### ACTION ITEM
The required output is the exact run of lines in the listing below from the line holding "Thrown porcelain cylinder" through the line holding "ious attributes of", with no pictures.

### SUPPLIED RECORDS
☆ ☆ ☆ ☆ ☆ ☆ ☆

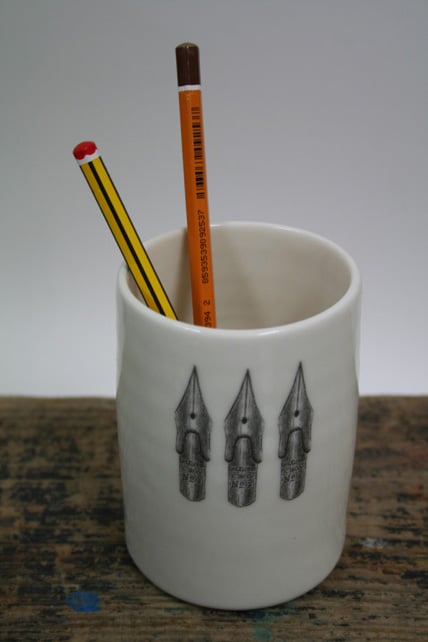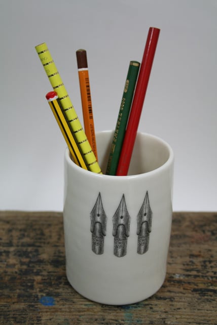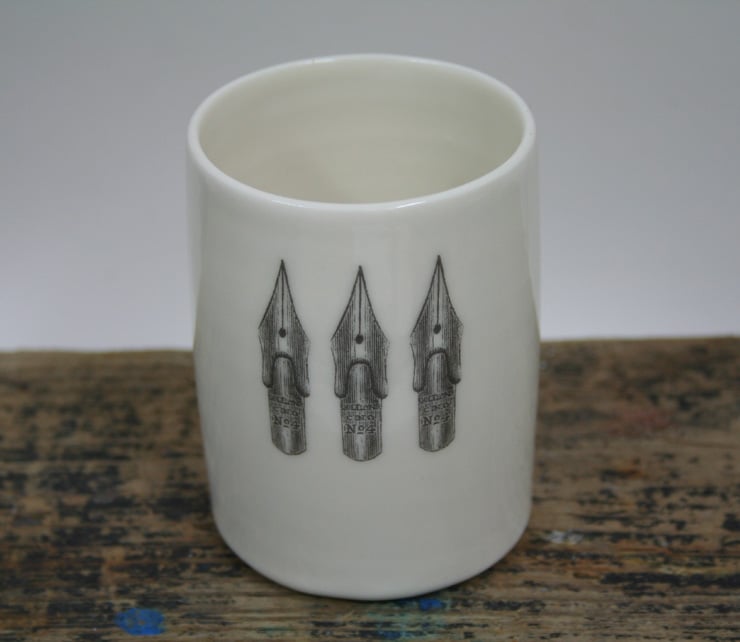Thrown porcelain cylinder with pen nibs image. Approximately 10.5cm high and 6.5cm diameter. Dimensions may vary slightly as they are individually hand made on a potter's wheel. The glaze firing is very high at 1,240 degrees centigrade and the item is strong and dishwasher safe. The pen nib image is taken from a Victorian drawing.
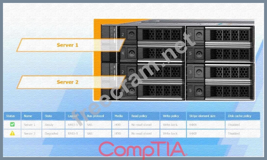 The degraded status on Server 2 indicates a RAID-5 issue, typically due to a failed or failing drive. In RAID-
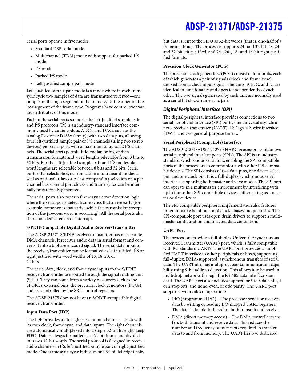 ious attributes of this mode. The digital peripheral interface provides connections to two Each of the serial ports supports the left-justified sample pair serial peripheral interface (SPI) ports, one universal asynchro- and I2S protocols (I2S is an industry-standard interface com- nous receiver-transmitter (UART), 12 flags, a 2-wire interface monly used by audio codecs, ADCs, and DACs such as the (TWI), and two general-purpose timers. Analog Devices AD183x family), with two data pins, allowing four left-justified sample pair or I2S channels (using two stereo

☆ ☆ ☆ ☆ ☆ ☆ ☆

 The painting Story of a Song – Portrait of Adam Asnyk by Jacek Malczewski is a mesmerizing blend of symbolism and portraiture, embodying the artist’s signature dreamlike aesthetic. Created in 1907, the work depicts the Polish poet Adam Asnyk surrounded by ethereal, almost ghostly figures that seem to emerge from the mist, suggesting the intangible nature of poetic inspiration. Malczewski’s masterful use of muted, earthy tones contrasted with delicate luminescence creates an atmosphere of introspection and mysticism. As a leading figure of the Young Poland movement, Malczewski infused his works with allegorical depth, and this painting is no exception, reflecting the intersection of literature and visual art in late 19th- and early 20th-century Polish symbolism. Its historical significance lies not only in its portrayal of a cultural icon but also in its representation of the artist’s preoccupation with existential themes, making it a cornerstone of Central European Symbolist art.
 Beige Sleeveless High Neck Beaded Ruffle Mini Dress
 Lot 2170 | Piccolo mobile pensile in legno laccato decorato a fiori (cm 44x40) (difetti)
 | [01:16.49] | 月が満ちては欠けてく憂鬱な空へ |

☆ ☆ ☆ ☆ ☆ ☆ ☆

### RESPONSE
Thrown porcelain cylinder with pen nibs image. Approximately 10.5cm high and 6.5cm diameter. Dimensions may vary slightly as they are individually hand made on a potter's wheel. The glaze firing is very high at 1,240 degrees centigrade and the item is strong and dishwasher safe. The pen nib image is taken from a Victorian drawing.
 The degraded status on Server 2 indicates a RAID-5 issue, typically due to a failed or failing drive. In RAID-
 ious attributes of this mode. The digital peripheral interface provides connections to two Each of the serial ports supports the left-justified sample pair serial peripheral interface (SPI) ports, one universal asynchro- and I2S protocols (I2S is an industry-standard interface com- nous receiver-transmitter (UART), 12 flags, a 2-wire interface monly used by audio codecs, ADCs, and DACs such as the (TWI), and two general-purpose timers. Analog Devices AD183x family), with two data pins, allowing four left-justified sample pair or I2S channels (using two stereo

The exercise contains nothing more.